Would you write out the entries below word for word, omitting the pictures?
##############################
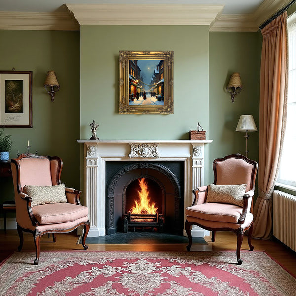 An Exquisite Lithograph on Stretched Canvas in an Ornate Hand Finished Rococo Frame, depicting an Edwardian Christmas Snowy Winters Twilight Street Scene. The Lithograph measures 16 inches x 12 inches with overall measurements in the frame being 22 inches x 18 inches. The Lithograph has a hand applied varnished finish which replicates the appearance, craquelure, patina & texture of an oil painting. Each Lithograph is a master-piece in its own right and carefully hand-finished to recreate the timeless look and appeal of an original Oil Painting.
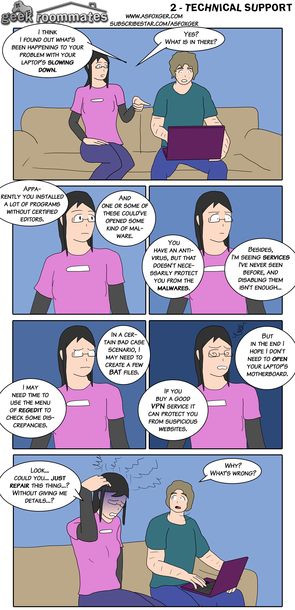 Geek Roommates tells the misadventures of two 20 year old nerdy roommates: Lauren, a girl who likes playing videogames and watching movies related to the nerd culture, mostly western nerd culture; and Earl, a boy who likes playing videogames (too!) watching anime and memes. Follow their lives with their vast cultural differences!
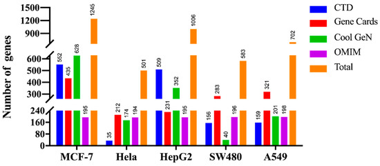 The candidate genes of the five cell-line-related diseases viz. MCF-7 (1245 genes), Hela (501 genes), HepG2 (1006 genes), SW480 (583 genes) and A549 (702 genes), were searched, and duplicates were removed through a series of databases (Figure 4).
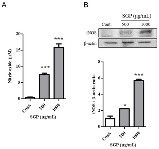 Effects of SGP on NO and iNOS levels in RAW264.7 macrophages. RAW264.7 macrophages were inserted into 500 and 1000 µg/mL SGP for 22 h (for NO) or 18 h (for iNOS). After 22 h, cell supernatants were used for NO production analysis. Supernatants were used according to the Griess method (A). After 18 h, cells were collected to evaluate iNOS protein levels; expression levels were determined through immunoblotting and quantification of iNOS/β-actin intensity (B). Shown are the means ± SD of triplicate experiments. * p < 0.05 and *** p < 0.0001, compared to the controls.
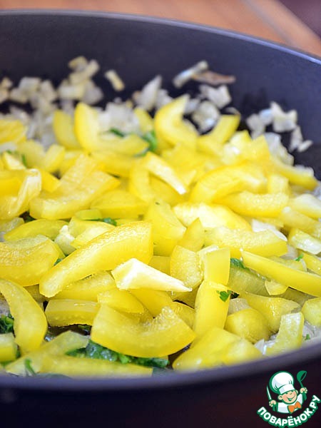 Добавляем в сковороду перец, нарезанный небольшими полосками, около 50 мл бульона, приправляем солью и молотым черным перцем, закрываем крышкой.
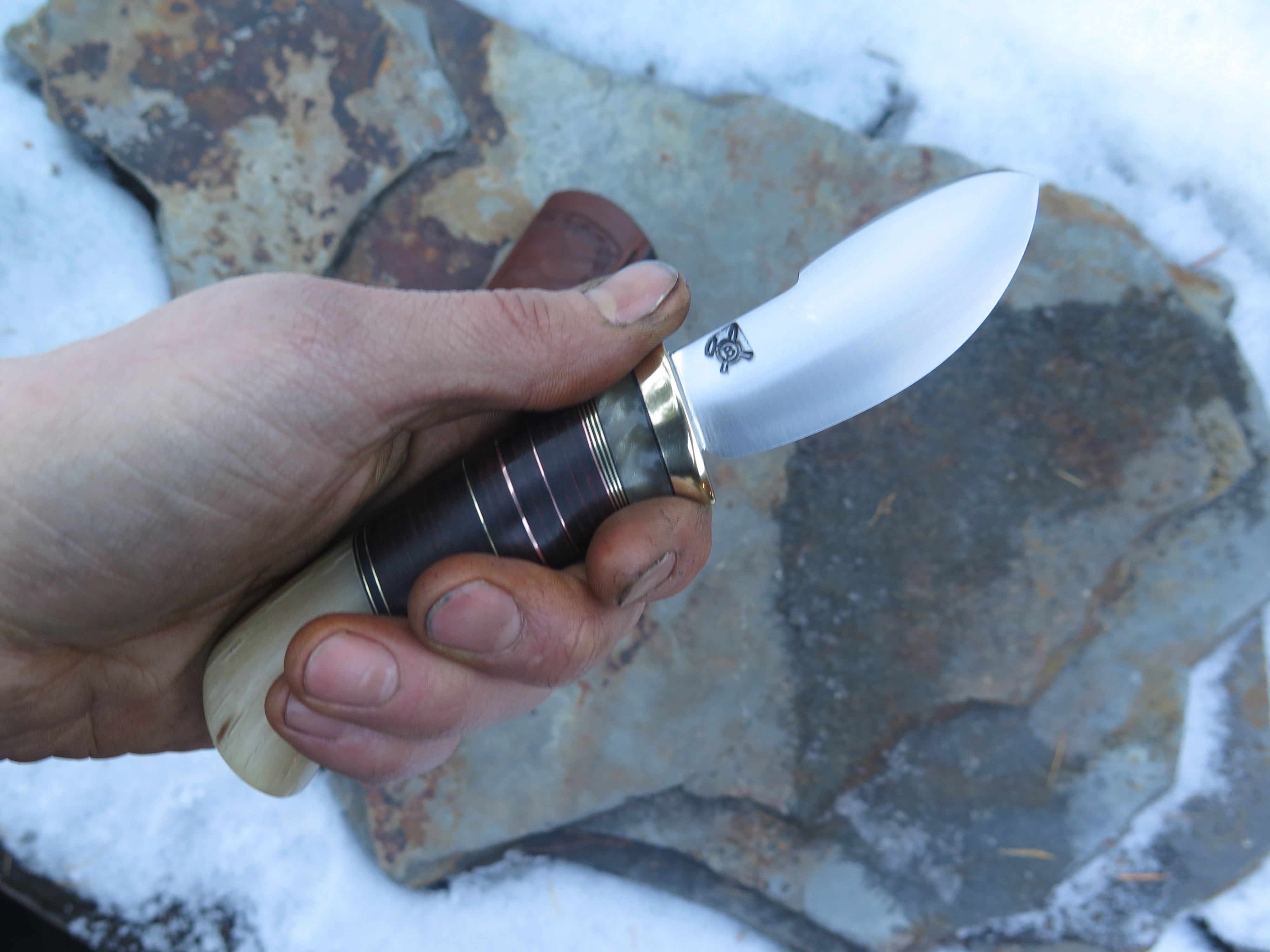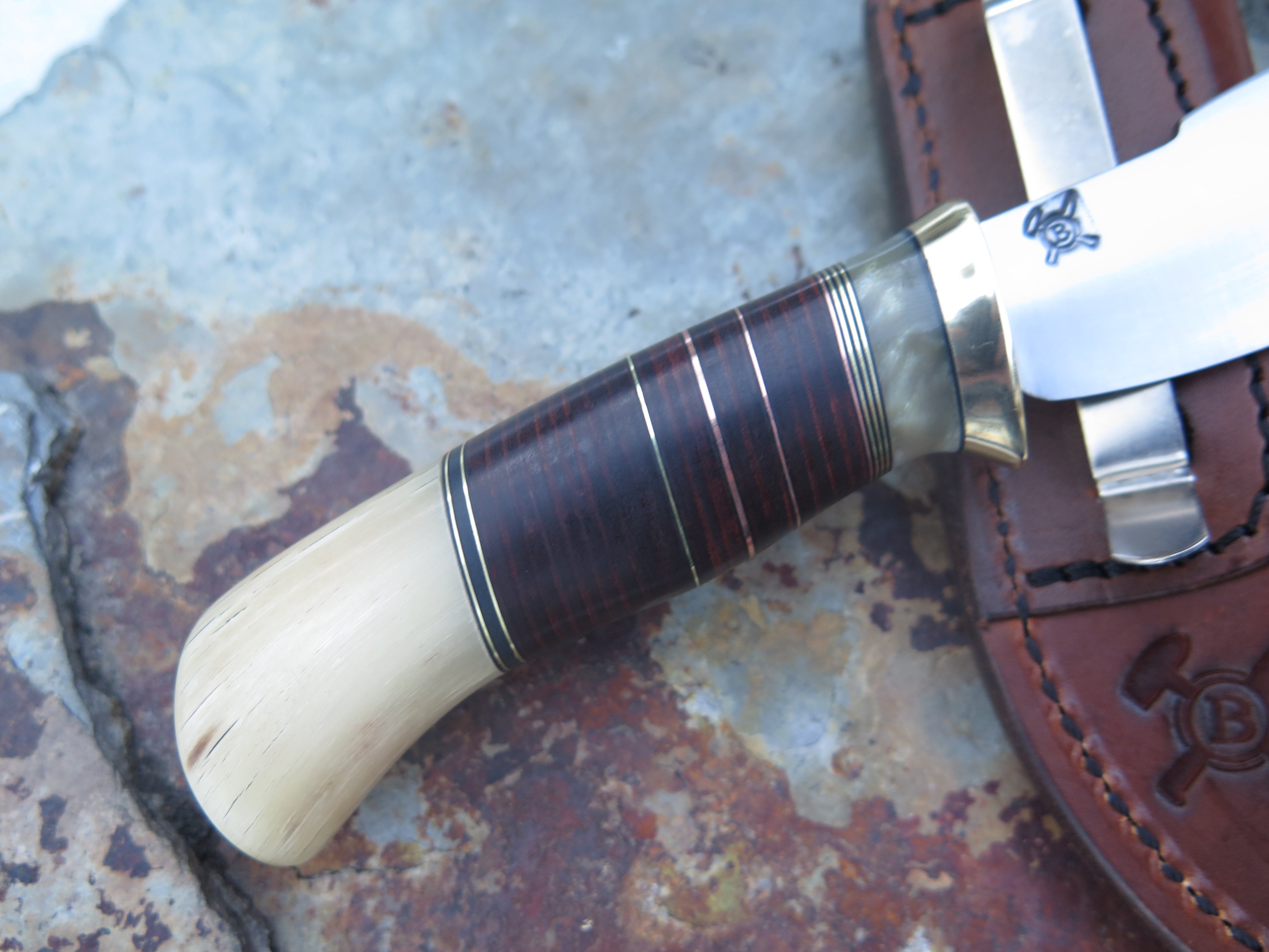 This beautiful new Canoe Pocket Knife from Behring Made© is hand forged from 1/8” thick high carbon 01 tool steel and it measures 3“ from tip to guard with a razor sharp convex grind. The brass guard is soldered in place above black, copper, brass, musk ox boss and horsehide leather spacers with a musk ox horn butt. The overall length measures 6 3/4“ and it comes in a spring clip pocket leather sheath from Warlander.
##############################
§ Output
 An Exquisite Lithograph on Stretched Canvas in an Ornate Hand Finished Rococo Frame, depicting an Edwardian Christmas Snowy Winters Twilight Street Scene. The Lithograph measures 16 inches x 12 inches with overall measurements in the frame being 22 inches x 18 inches. The Lithograph has a hand applied varnished finish which replicates the appearance, craquelure, patina & texture of an oil painting. Each Lithograph is a master-piece in its own right and carefully hand-finished to recreate the timeless look and appeal of an original Oil Painting.
 Geek Roommates tells the misadventures of two 20 year old nerdy roommates: Lauren, a girl who likes playing videogames and watching movies related to the nerd culture, mostly western nerd culture; and Earl, a boy who likes playing videogames (too!) watching anime and memes. Follow their lives with their vast cultural differences!
 The candidate genes of the five cell-line-related diseases viz. MCF-7 (1245 genes), Hela (501 genes), HepG2 (1006 genes), SW480 (583 genes) and A549 (702 genes), were searched, and duplicates were removed through a series of databases (Figure 4).
 Effects of SGP on NO and iNOS levels in RAW264.7 macrophages. RAW264.7 macrophages were inserted into 500 and 1000 µg/mL SGP for 22 h (for NO) or 18 h (for iNOS). After 22 h, cell supernatants were used for NO production analysis. Supernatants were used according to the Griess method (A). After 18 h, cells were collected to evaluate iNOS protein levels; expression levels were determined through immunoblotting and quantification of iNOS/β-actin intensity (B). Shown are the means ± SD of triplicate experiments. * p < 0.05 and *** p < 0.0001, compared to the controls.
 Добавляем в сковороду перец, нарезанный небольшими полосками, около 50 мл бульона, приправляем солью и молотым черным перцем, закрываем крышкой.
 This beautiful new Canoe Pocket Knife from Behring Made© is hand forged from 1/8” thick high carbon 01 tool steel and it measures 3“ from tip to guard with a razor sharp convex grind. The brass guard is soldered in place above black, copper, brass, musk ox boss and horsehide leather spacers with a musk ox horn butt. The overall length measures 6 3/4“ and it comes in a spring clip pocket leather sheath from Warlander.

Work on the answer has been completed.